— DATA EXTRACT —
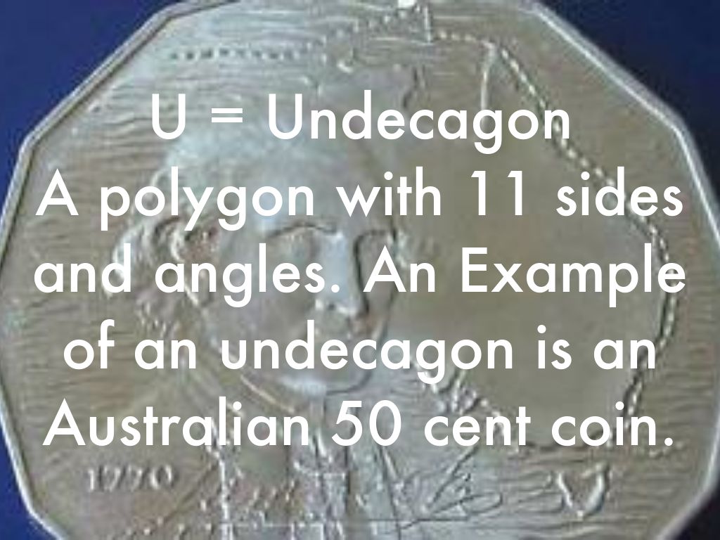 A polygon with 11 sides and angles. An Example of an undecagon is an Australian 50 cent coin.
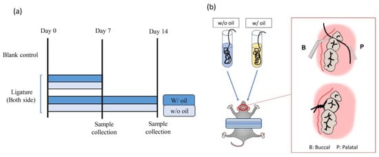 (a) Ligature-induced periodontitis experimental design with sacrifice time points. Blank control was the ligature-free samples at Day 0. In the ligature group, the second left molar was ligated with silk pre-immersed with SM oil (w/ oil). The corresponding tooth on the right side was tied with silk-free of SM oil (w/o oil) on Day 0. Rats were euthanized after 7 and 14 days. (b) Detailed procedures and preparation of the periodontitis animals were ligated with 3-0 silk around the cervical of the second molar of maxillary bone.
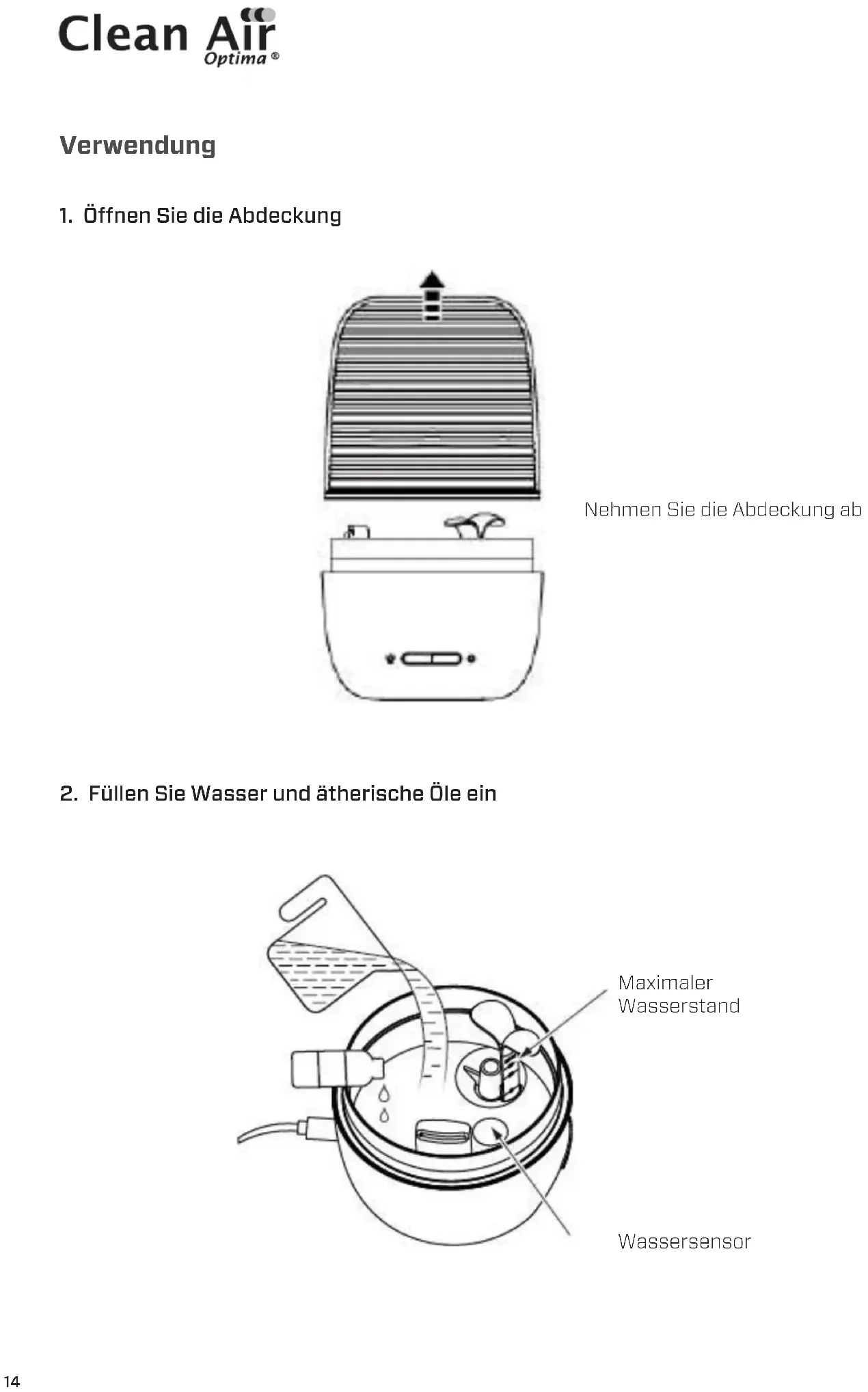undder Umstände bei, unter denen diese Probleme aufgetreten sind. Der Clean Air Optima Aroma Diuser Ambiente AD-301 wird vor Verlassen des Werks strengen Prüfverfahren unterzogen. Wenn das Produkt innerhalb von zwei Jahren ab Kaufdatum nicht den Spezifikationen entspricht, hat der Käufer aufgrund von Fertigungsmängeln das Recht auf kostenlose Reparatur oder Ersatz von Teilen gegen Vorlage dieser Garantie (vorausgesetzt, dass die Fehlfunktion oder Beschädigung des Geräts und/oder der Teile unter normalen Betriebsbedingungen aufgetreten ist). Die Garantie gilt: Für alle in Material und Verarbeitung fehlerhaften Teile. Wie lange: zwei Jahre ab Kaufdatum.Das werden wir tun: Fehlerhafte Teile reparieren oder ersetzen. Sonstige Bedingungen Die Bestimmungen dieser Garantie ersetzen alle anderen schriftlichen Garantien, obausdrücklich oder stillschweigend, schriftlich oder mündlich, einschließlich der Garantie der Marktgängigkeit oder Eignung für einen bestimmten Zweck. Die maximale Haftung des Herstellers überschreitet nicht den tatsächlichen Kaufpreis, den Sie für das Produkt gezahlt haben. In keinem Fall haftet der Hersteller für besondere, zufällige, Folge- oder indirekte Schäden. Diese Garantie erstreckt sich nicht auf einen Mangel, der nach unserem alleinigen Ermessen auf unsachgemäße oder unangemessene Verwendung oder Wartung, fehlerhafte Montage, Unfall oder Naturkatastrophen, unsachgemäße Verpackung oder unbefugte Manipulationen, Änderungen oder Modifikationen zurückzuführen ist. Diese Garantie erlischt, wenn der Aufkleber mit der Seriennummer entfernt oder entstellt wurde.20 Vielen Dank für das Lesen! Äußern Sie Ihre Meinung über den Clean Air Optima Aroma-Diuser Ambiente AD-301 auf: www.cleanairoptima.com Häufig gestellte Fragen zum AD-301 finden Sie auf: www.cleanairoptima.com, suchen Sie dort nach AD-301. Laden Sie die PDF-Bedienungsanleitung herunter unter: www.cleanairoptima.com/info/manuals Alle Videos mit Produktanimationen von Clean Air Optima finden Sie auf: www.youtube.com Clean Air Optima International B.V. | David Ricardostraat 9-7 / 9-9 | 7559 SH Hengelo (ov) Niederlande | Telefon: +31 (0) 74 - 2670145 Clean Air Optima Germany GmbH | Enschedestraße 14 | 48529 Nordhorn | Deutschland Telefon: +49 (0)5921 879-121 E-Mail: info@cleanairoptima.com Internet: www.cleanairoptima.com21 Nederlands Bedankt voor de aankoop van de Clean Air Optima Diuser Ambiente AD-301. Wij wensen u vele jaren gezonde binnenlucht gecombineerd met aromatherapie toe, dankzij diteciënte en doeltreende product. Voor de juiste werking van dit elektrische apparaat is het belangrijk dat alle veiligheidsvoorschriften tijdens het gebruik in acht worden genomen. Deze instructies beschrijven de veiligheidsvoorschriften die tijdens het gebruik moeten worden nageleefd. Zezijn bedoeld om verwondingen en schade aan het apparaat te voorkomen. Beschrijving van het apparaat Het apparaat bestaat uit de volgende hoofdonderdelen:
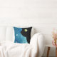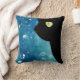 Coussin Beau chat noir dans le carreau bleu d'aquarelle
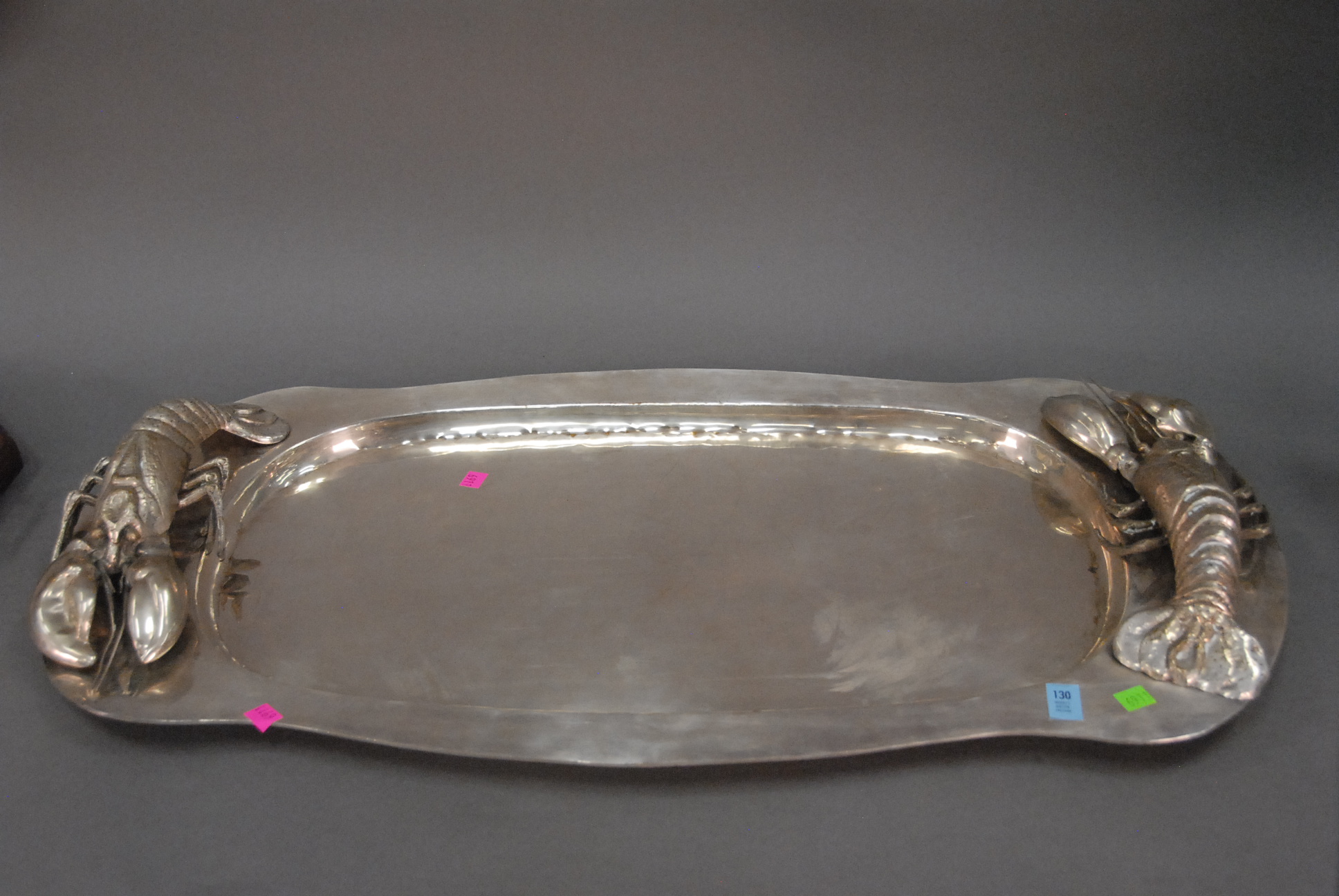 Franco Lagini Lapini large silverplated lobster tray mounted with life-like lobster, signed on back and made in Italy, lg. 36in.
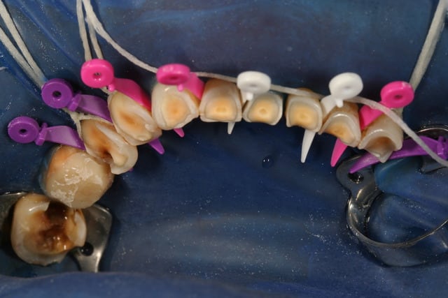 clef en silicone veut dire collage sans digue je suppose d'une part, et d'autre part il va falloir enlever tout les provisoires pour la suite, donc puisque c'est collé tout découper sans abimer la dent en dessous sur toutes les dents ...
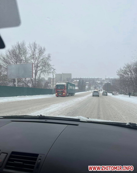 У ніч на 7 грудня у Житомирі та області випав сніг. Станом на 10:00 год. опади не припиняються. Сніжна погода, як завжди, ускладнила пересування автошляхами. Зокрема, у Житомирі труднощі виникли на Бердичівському мосту.
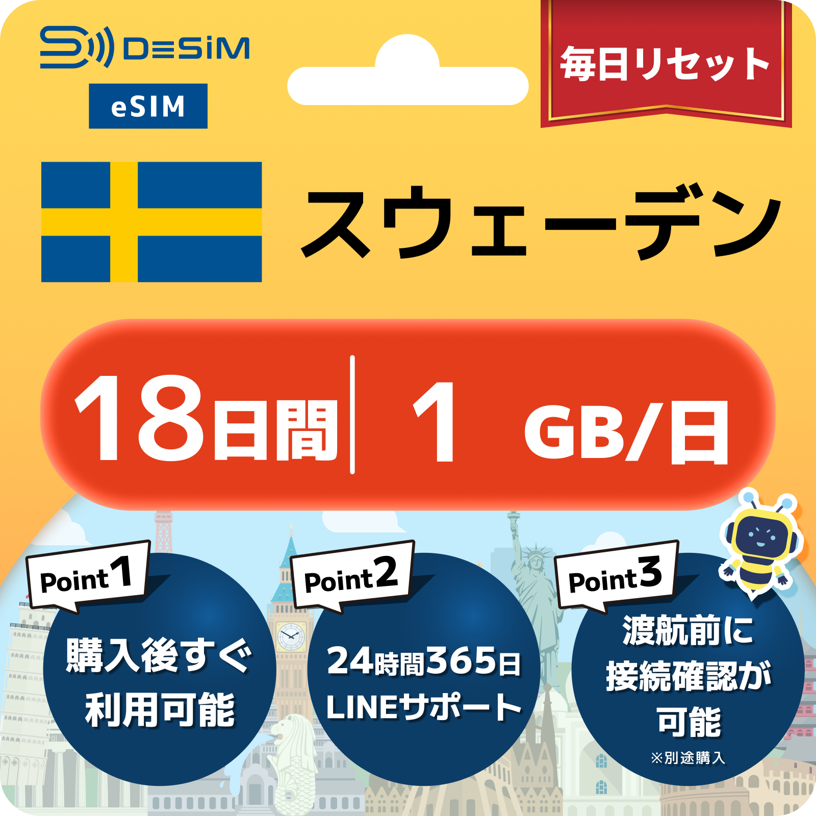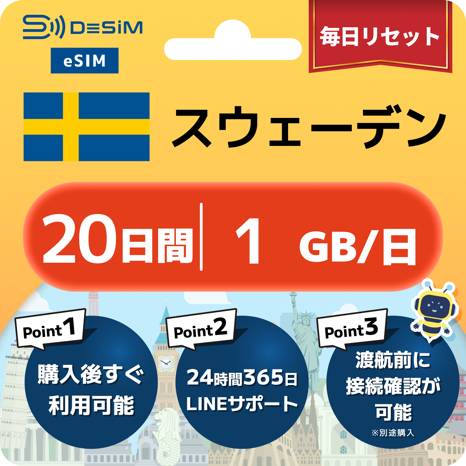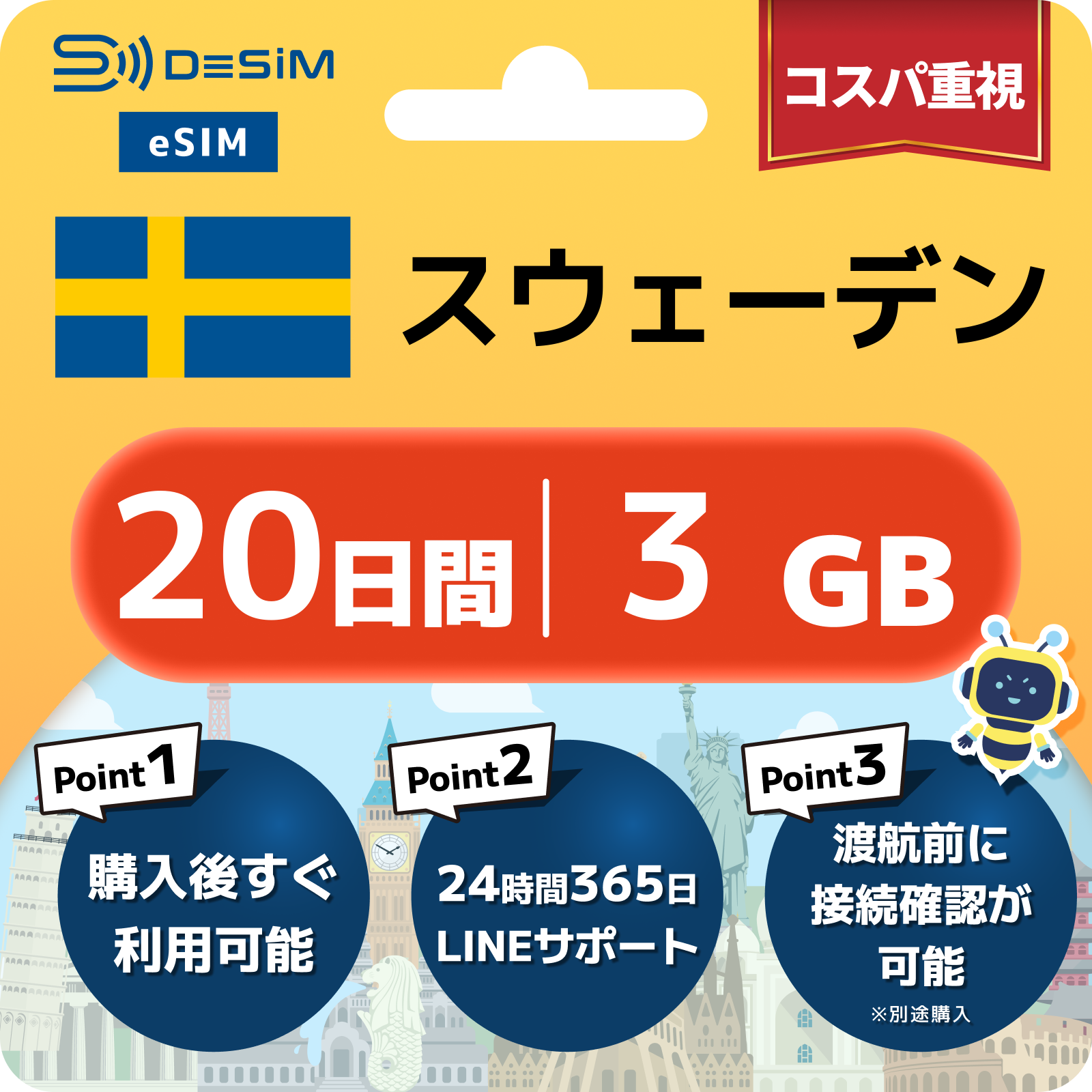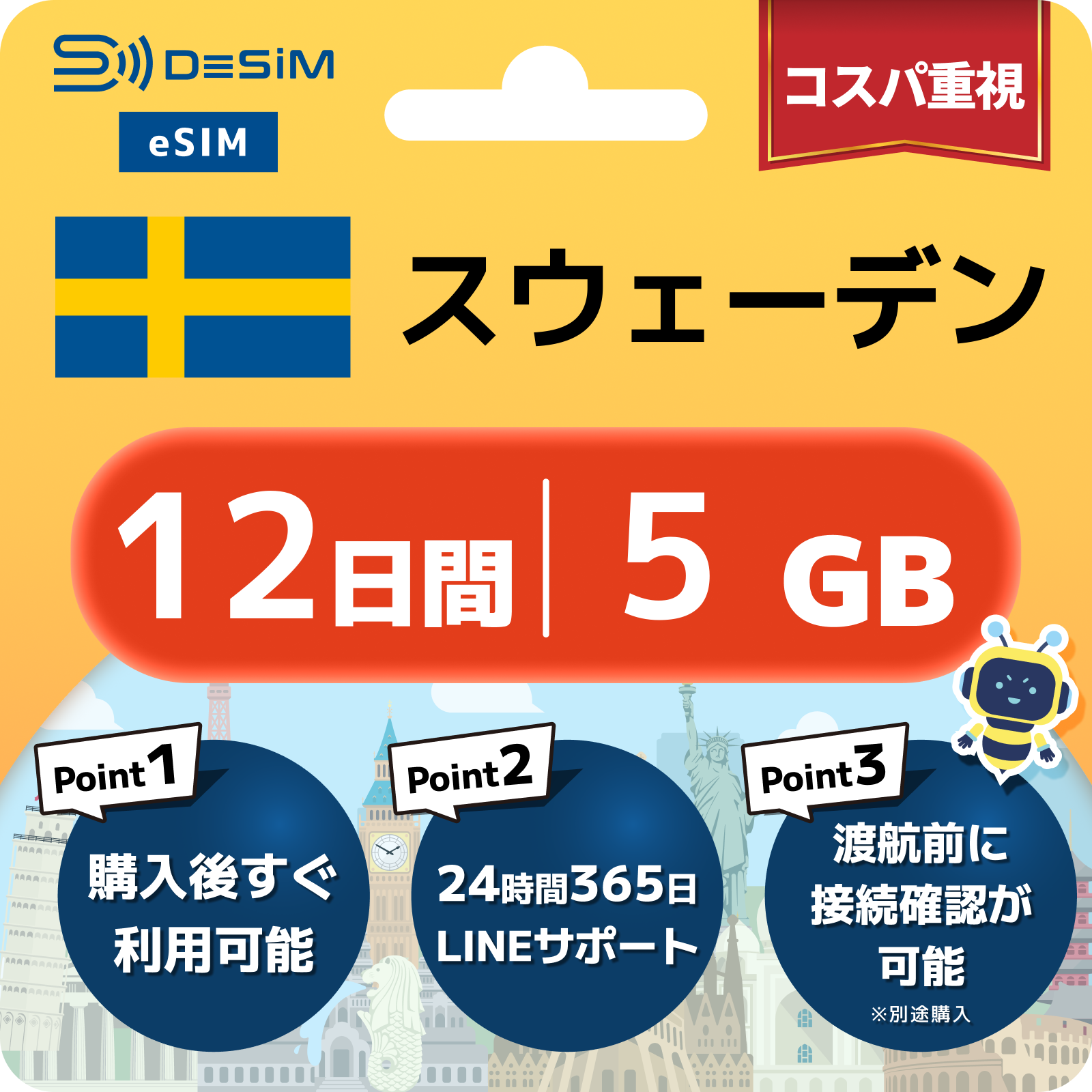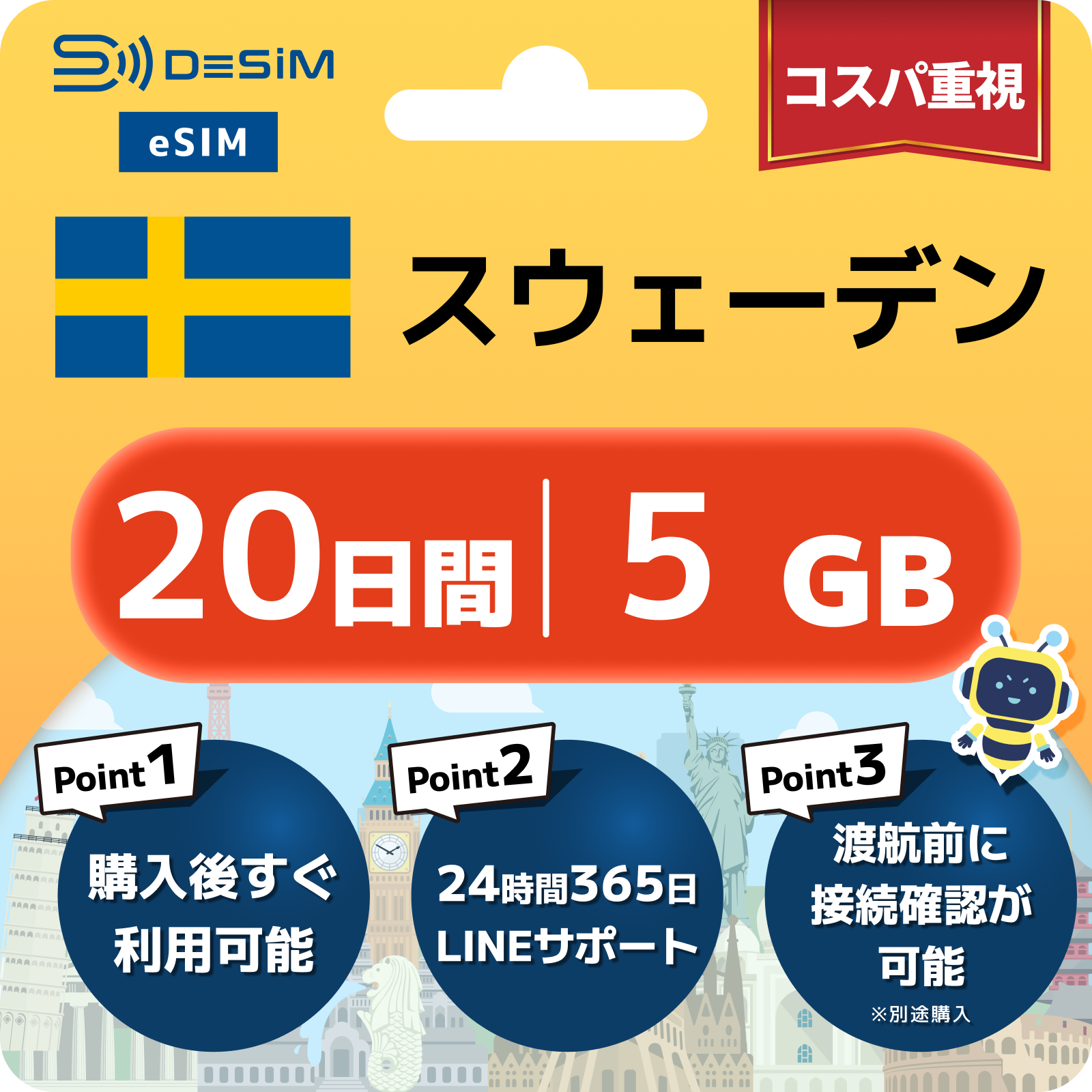スウェーデン eSIM(11~20日間)500MB~50GB選択可能 即日開通 テザリング対応

— EXERCISE INSTRUCTIONS —
What you return must match, character for character, the lines above from the one with "Coussin Beau chat" through the one with "Franco Lagini Lapini", minus any pictures.

— RESULT OF THIS EXERCISE —
 Coussin Beau chat noir dans le carreau bleu d'aquarelle
 Franco Lagini Lapini large silverplated lobster tray mounted with life-like lobster, signed on back and made in Italy, lg. 36in.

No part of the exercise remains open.